Masciotta M. La pittura metafisica in litteratura. Milan, 1941;

Apollonio U. Pittura metafisica. Milan, 1945;

Carra M. Metaphysical Art. 1971.

Л. Б.,В. Б.

Метц (Metz) Кристиан (1931–1993)

Лидер французской неклассической киноэстетики; киносемиотик, разрабатывающий структурно-психоаналитическую теорию кино. Творчески применяя ряд идей Ж. Лакана к анализу киноязыка, М. выявляет психоаналитическую структуру означающего в кино, соединяя изучение первичного (психоаналитического) и вторичного (лингвистического) процессов обозначения в кино, сливающихся в науку о символическом, чей предмет — сам факт обозначения. В психоанализе и лингвистике М. усматривает два основных источника семиологии кино — по его мнению, единственной науки, способной дать в перспективе подлинное знание о человеке. Кино представляется М. узлом глубинного совпадения семиотики, бессознательного, истории, окрашенного социальным символизмом: кино — это социальная практика некоторого специфического означающего. Но кино — это и сон, дыра в социальной ткани, бегство от общества.
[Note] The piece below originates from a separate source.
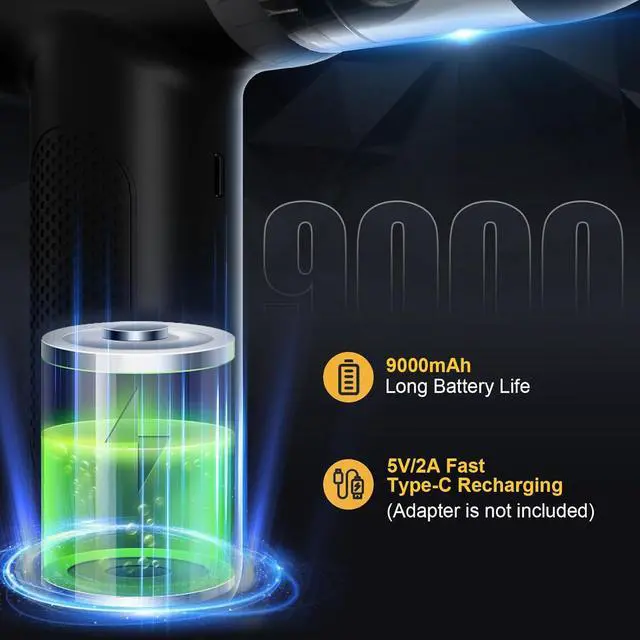 Long Lasting and Fast ChargingThe eletric air duster has a built-in 9000mAh battery, which can run continuously for up to 40 minutes. Comes with USB-C fast charging cable, fully charged within 3-4 hours (Adapter is not included, can be charged by any usb charger).

Задачей теории кино является выяснение соотношений означаемого и означающего, воображаемого и символического, выявление психоаналитической подосновы киноязыка. При этом приоритет отдается означающему, а не означаемому, символическому, а не воображаемому, форме, а не содержанию. Означаемое фильмов характеризуется М. как статичный подтекст, образуемый неврозами кинематографистов. Означающее же формирует собственно фильм, его текст и коды. Аналогично, воображаемому как сфере изложения противопоставляется символическое как область выражения. Придавая фильму привлекательность, питая кино, воображаемое грозит поглотить символическое, подменить теорию кино властью воображаемого. Одной из целей структурно-психоаналитической теории кино является освобождение последнего от воображаемого ради символического, обогащенного семиологией, чье внимание перемещается с изложения на выражение.